Member of the Pennsylvania Senate from the 15th district
- In office January 3, 2017 – November 30, 2024
- Preceded by: Rob Teplitz
- Succeeded by: Patty Kim

Personal details
- Party: Republican
- Spouse: Maria DiSanto
- Children: 2
- Education: American University

= John DiSanto =

American politician from Pennsylvania

Giovanni M. "John" DiSanto is an American politician from Pennsylvania who served as a Republican member of the Pennsylvania State Senate for the 15th district from 2017 to 2024.

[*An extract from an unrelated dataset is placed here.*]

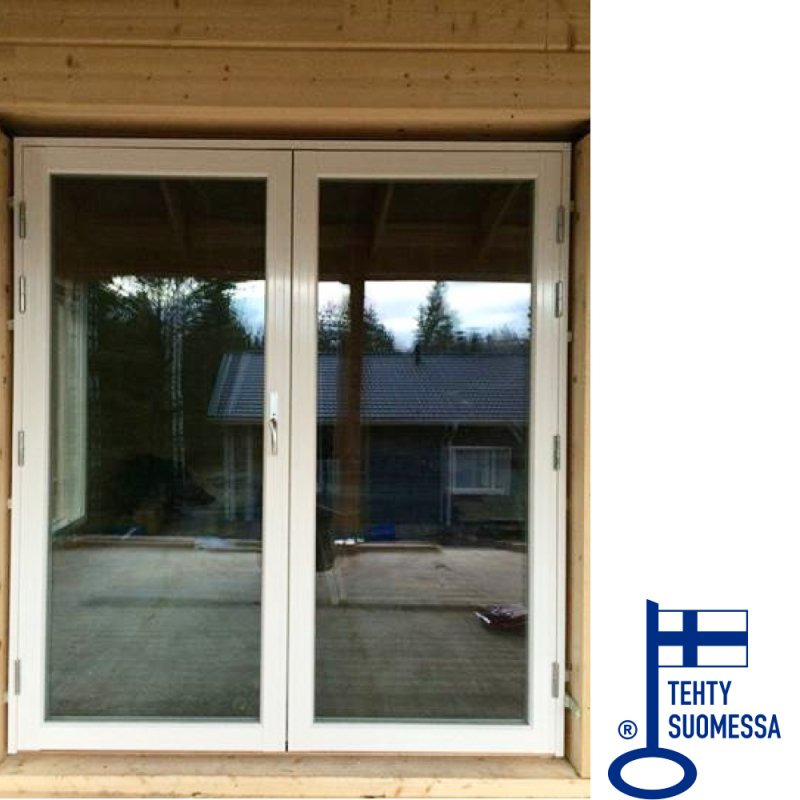 Ulkopuoli alumiiniverhottu, sisäpuoli puuta, kaksinkertainen tiivistys, yksilehtinen, ulospäin avautuva, lämpöeristetty, kovapuukynnys alumiinisella kulutuslistalla, säädettävä vastarauta, säädettävät murtosuojasaranat. Vastahuuullosovessa reunasalvat. Lasi 4mm karkaistua molemmin puolin.

==Early life and education==
DiSanto was born in Harrisburg area and graduated from Central Dauphin High School. He received a bachelor's degree in business administration with an emphasis in Urban Planning from American University.

==Career==
Before his election to the State Senate in 2016, DiSanto was president of a construction and development company. He defeated Rob Teplitz in a heated contest for the 15th district.

=== Committee assignments ===

- Banking & Insurance, Chair
- Urban Affairs & Housing, Vice Chair
- Education
- Labor & Industry
- Transportation

==Position on Medical Cannabis==

In the 2020–2021 session, DiSanto opposed an amendment to House Bill 1024 that would have allowed medical patients to grow six cannabis plants at home. However, DiSanto did vote for House Bill 1024 without the home grow amendment, which allowed medical marijuana growers in Pennsylvania to remediate moldy product and use additional pesticides.

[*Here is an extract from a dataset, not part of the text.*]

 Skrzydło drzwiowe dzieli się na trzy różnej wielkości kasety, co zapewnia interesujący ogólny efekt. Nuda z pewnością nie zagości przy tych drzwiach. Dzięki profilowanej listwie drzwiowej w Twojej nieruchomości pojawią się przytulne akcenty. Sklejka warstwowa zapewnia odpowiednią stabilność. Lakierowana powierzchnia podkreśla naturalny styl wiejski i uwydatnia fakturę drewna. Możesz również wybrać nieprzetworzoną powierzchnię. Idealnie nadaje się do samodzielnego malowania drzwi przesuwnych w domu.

In 2022, DiSanto sponsored and introduced Senate Bill 1167, a bill to permit marijuana companies and associated insurance companies to access banking services without criminal liability. Senate Bill 1167 did not include any protections or additional rights for medical marijuana patients in Pennsylvania.

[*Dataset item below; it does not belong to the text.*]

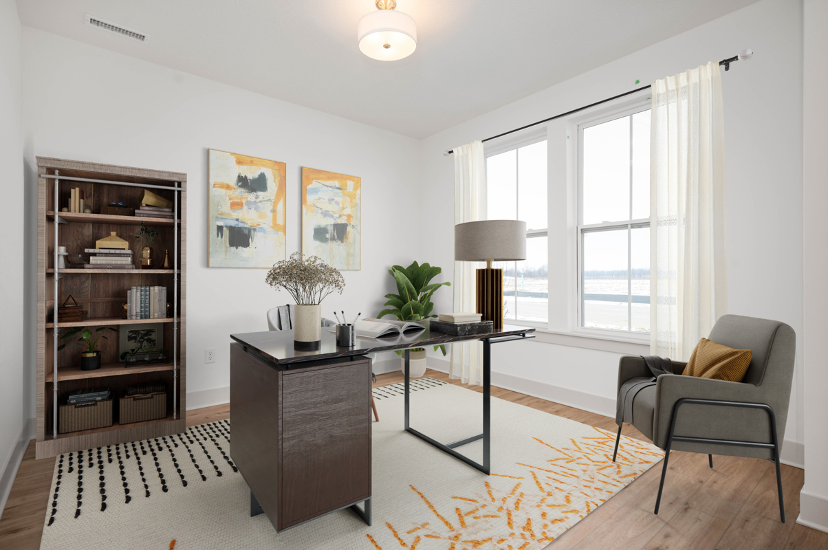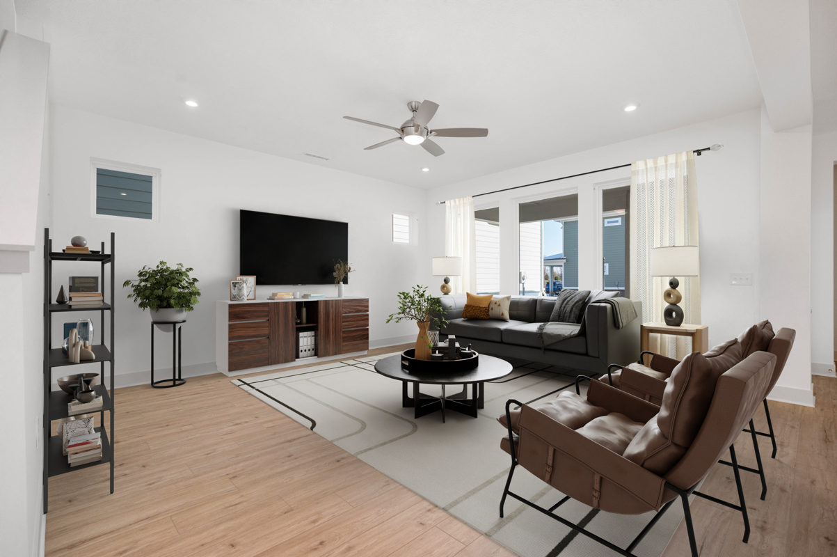 The Littleton is a two-story home with 3 bedrooms and 2.5 baths, designed with everyday ease in mind. A wide entryway welcomes you with space to breathe, while a front-facing study provides privacy and natural light, perfect for a quiet office or reading room.

After voting against homegrown rights for medical cannabis patients and sponsoring Senate Bill 1167, on June 26, 2023, Disanto taunted two cannabis activists on Twitter, posting a picture of himself wearing a shirt stating "I Just Had a Joint (Replacement Surgery)".

==Controversies==

On October 8, 2023, Disanto tweeted about an Apple iPhone commercial starring Olivia Rodrigo: "Young girl, filming with phone, dressed suggestively, keying a car, trashing a room and so on. Pathetic promoting this is how a young women should act." Disanto faced backlash for this statement by the public, with some calling him a "pathetic creep.". Disanto was also called "cringe" and a "weirdo" for his post, which he did not comment on further.